In November 2012, Law 4093/2012, ‘Approval of the medium-term financial strategy framework for the period 2013–2016 – urgent measures pertaining to the implementation of Law 4046/2012 and of the medium-term financial strategy framework for the period 2013–2016’ was passed, introducing the provisions of a third Memorandum of Understanding into Greek law (GR1212019I).
Trade union intervention
Trade unions representing employees in both the private and public sectors have made many attempts to intervene in changes to labour laws since the crisis began. Complaints were submitted to national and international judicial authorities, questioning whether the new measures were compatible with the Greek constitution and with international labour agreements.
The Greek General Confederation of Labour (GSEE), the Supreme Administration of Public Servants’ Unions (ADEDY), the General Union of Personnel of the Public Power Company (GENOP-DEI) and the Federation of Private Employees of Greece (OIYE) have submitted a complaint to the Committee on Freedom of Association of the International Labour Organization (ILO). The Committee’s 365th Report referred to the Greek case.
ADEDY filed a complaint to the Supreme Administrative Court of Greece (StE) against labour reserve measures, alleging that they infringe the constitutional principle of the lifelong appointment of public servants and are therefore contrary to both the national constitution and international and European legislation. This case has not yet been adjudicated.
Challenge taken to the Council of State
A complaint submitted by the GSEE to the Council of State was heard in December 2012, although its judgment has not yet been made public.
The GSEE claimed that the laws passed to address the crisis were in breach of the Constitution. Its claim was that Cabinet Act number 6, cutting private sector salaries and reforming the collective labour relations system, infringes the constitutionally protected institutions of collective bargaining and collective labour agreements.
The Act of the Council of Ministers number 6/2012 provides for:
- the reduction of the national minimum wage for workers in the private sector under the National General Collective Labour Agreement by 32% for workers under 25 years of age, and by 22% for other employees;
- a ban on making new collective labour agreements for an indefinite term, and a limit of three years on the maximum period for which a collective labour agreement can be valid;
- the abolition of a series of collective labour agreements and arbitration awards, effective from 14 February 2013;
- the abolition of the ‘continuing effect’ of collective labour agreements, which retains the agreed modifications to a contract even after the collective agreement ceases to have effect;
- a ban on one party to an industrial dispute unilaterally deciding to take a case regarding the conclusion of a collective employment agreement to the Organisation for Mediation and Arbitration (OMED).
Views of GSEE
In its challenge to Act no. 6/2012, the GSEE argued that it establishes limited trade union rights for Greek workers and imposes wage cuts that will reduce the already meagre and overtaxed income of workers to a level well below the threshold of decent living standards, and even below the poverty threshold for some.
At the same time, the Act will lead to even deeper recession, the GSEE argues.

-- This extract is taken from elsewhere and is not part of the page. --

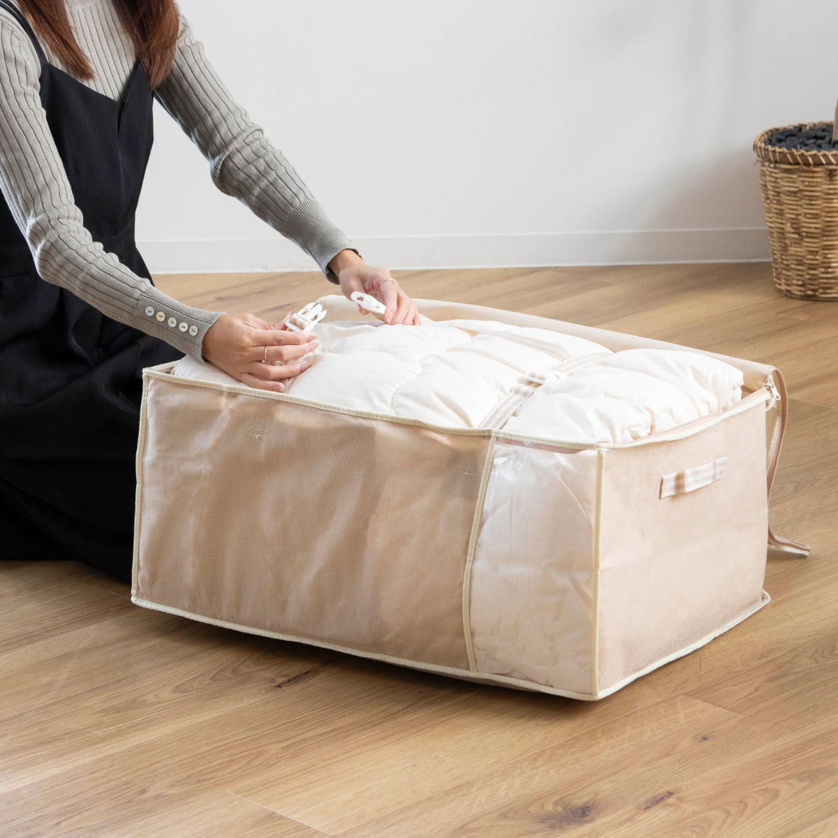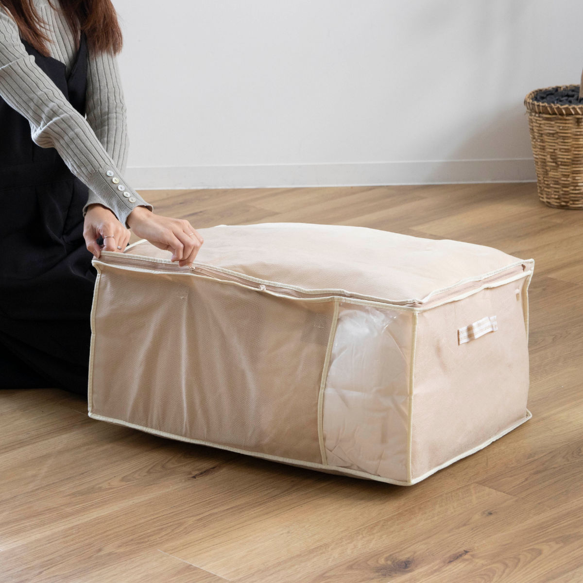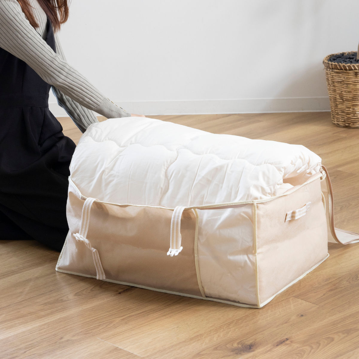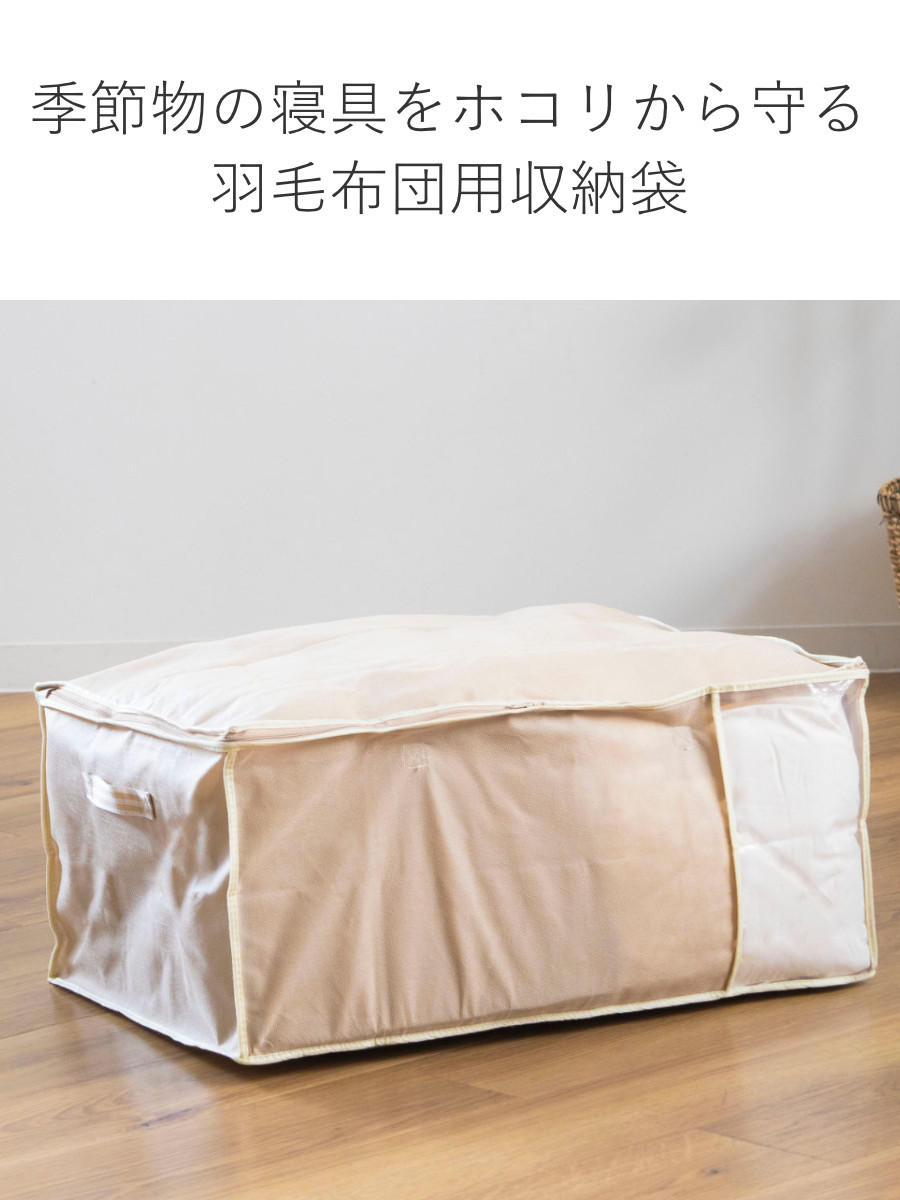 羽毛布団の収納にピッタリな収納袋です。不織布のやわらかい生地で収納物をやさしく守り、ホコリやゴミをしっかりガード。清潔に保ちながら大切に収納できます。

This in turn will lead to the closure of hundreds of thousands of enterprises, causing further job losses.
The most damaging consequence of the Act, however, says the GSEE, is that the measures it introduces will destroy the collective regulation of working conditions. Wages and institutional working conditions will be covered only by individual employment contracts.

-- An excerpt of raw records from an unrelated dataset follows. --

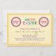 Sweet and colourful Easter invitation. Features two bunnies with a polka dots pattern inside a scalloped edge circle. In the centre the words Happy Easter are written in different spring colours. Ideal card to host a lunch, brunch, egg hunt or any other Easter gathering. Soft pastel colours typical of the Spring season. Add your own wording.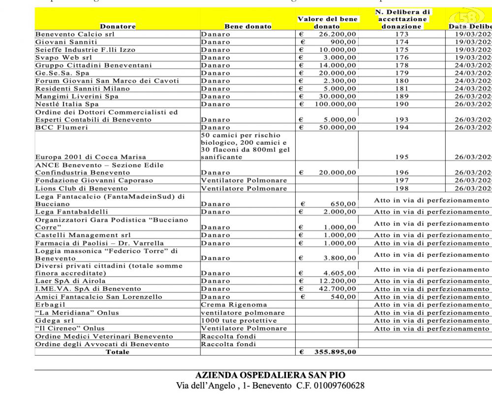 Il direttore generale, Mario Nicola Vittorio Ferrante, a nome dell’A.O.R.N. “San Pio” di Benevento, esprime la sua profonda gratitudine ai tanti cittadini, società ed enti, che, con generose donazioni, vanno supportando l’Azienda Ospedaliera per l’acquisto di dispositivi ed apparecchiature elettromedicali, che aiuteranno ad affrontare meglio la difficile situazione dovuta all’epidemia da covid-19.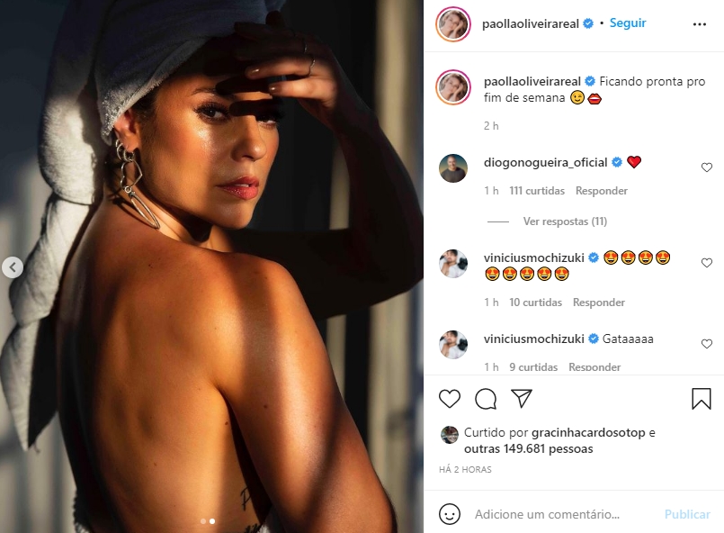 Paolla Oliveira (39) começou o dia causando nas redes sociais, ao deixar algumas tatuagens a mostra nesta sexta-feira, 15.

The Act removes basic trade union rights, depriving them of their collective autonomy and of the right to strike despite the fact that this right is set out in article 23, paragraph 2 of the Constitution. The union argues that ‘while the Act does not explicitly remove the right to strike, it sets up a series of barriers and prohibitions that effectively make a legal strike all but impossible’.
The GSEE commented that:
without ensuring the operation of the system of collective bargaining, the trade union right loses its primary field of operation, while the regulation of working conditions is transferred from the collective to the individual field and individual employment contracts.
The GSEE stressed that while case law in the European Court of Justice has made it clear that trade union rights are fundamental for all Member States, Greece was witnessing the formation of a labour code in which trade union rights could no longer be exercised.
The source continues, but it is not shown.